* EXERCISE REQUIREMENTS
The lines to copy are those holding the string "that" in the entries below.

**********

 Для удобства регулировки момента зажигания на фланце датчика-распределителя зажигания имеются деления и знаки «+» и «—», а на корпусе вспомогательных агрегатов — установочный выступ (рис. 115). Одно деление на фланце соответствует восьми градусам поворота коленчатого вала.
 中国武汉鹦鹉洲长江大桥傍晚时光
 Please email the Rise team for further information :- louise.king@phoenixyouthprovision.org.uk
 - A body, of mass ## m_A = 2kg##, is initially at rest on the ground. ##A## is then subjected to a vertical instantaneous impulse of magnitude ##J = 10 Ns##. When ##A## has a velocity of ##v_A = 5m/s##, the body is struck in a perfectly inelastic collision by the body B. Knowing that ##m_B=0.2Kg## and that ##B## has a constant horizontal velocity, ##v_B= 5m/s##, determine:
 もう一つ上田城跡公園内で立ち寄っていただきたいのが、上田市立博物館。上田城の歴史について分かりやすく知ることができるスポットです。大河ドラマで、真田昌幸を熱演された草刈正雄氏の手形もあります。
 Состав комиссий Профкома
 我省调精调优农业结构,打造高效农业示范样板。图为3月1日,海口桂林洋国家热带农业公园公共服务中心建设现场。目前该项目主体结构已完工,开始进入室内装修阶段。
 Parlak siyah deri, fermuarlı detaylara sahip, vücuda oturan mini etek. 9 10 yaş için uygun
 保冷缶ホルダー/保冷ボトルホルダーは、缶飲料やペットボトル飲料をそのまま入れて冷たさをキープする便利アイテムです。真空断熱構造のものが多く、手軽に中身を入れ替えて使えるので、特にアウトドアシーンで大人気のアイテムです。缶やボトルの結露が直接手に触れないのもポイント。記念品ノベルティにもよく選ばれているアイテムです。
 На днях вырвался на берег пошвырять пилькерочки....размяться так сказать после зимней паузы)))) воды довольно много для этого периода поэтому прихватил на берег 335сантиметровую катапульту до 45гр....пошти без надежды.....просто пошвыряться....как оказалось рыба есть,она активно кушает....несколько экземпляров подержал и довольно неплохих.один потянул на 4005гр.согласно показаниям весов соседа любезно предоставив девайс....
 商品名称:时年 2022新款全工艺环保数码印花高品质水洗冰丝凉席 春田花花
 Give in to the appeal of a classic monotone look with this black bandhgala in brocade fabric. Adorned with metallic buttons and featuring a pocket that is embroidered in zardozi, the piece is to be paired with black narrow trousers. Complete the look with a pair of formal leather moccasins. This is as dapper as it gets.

**********

* FINISHED EXERCISE
 - A body, of mass ## m_A = 2kg##, is initially at rest on the ground. ##A## is then subjected to a vertical instantaneous impulse of magnitude ##J = 10 Ns##. When ##A## has a velocity of ##v_A = 5m/s##, the body is struck in a perfectly inelastic collision by the body B. Knowing that ##m_B=0.2Kg## and that ##B## has a constant horizontal velocity, ##v_B= 5m/s##, determine:
 Give in to the appeal of a classic monotone look with this black bandhgala in brocade fabric. Adorned with metallic buttons and featuring a pocket that is embroidered in zardozi, the piece is to be paired with black narrow trousers. Complete the look with a pair of formal leather moccasins. This is as dapper as it gets.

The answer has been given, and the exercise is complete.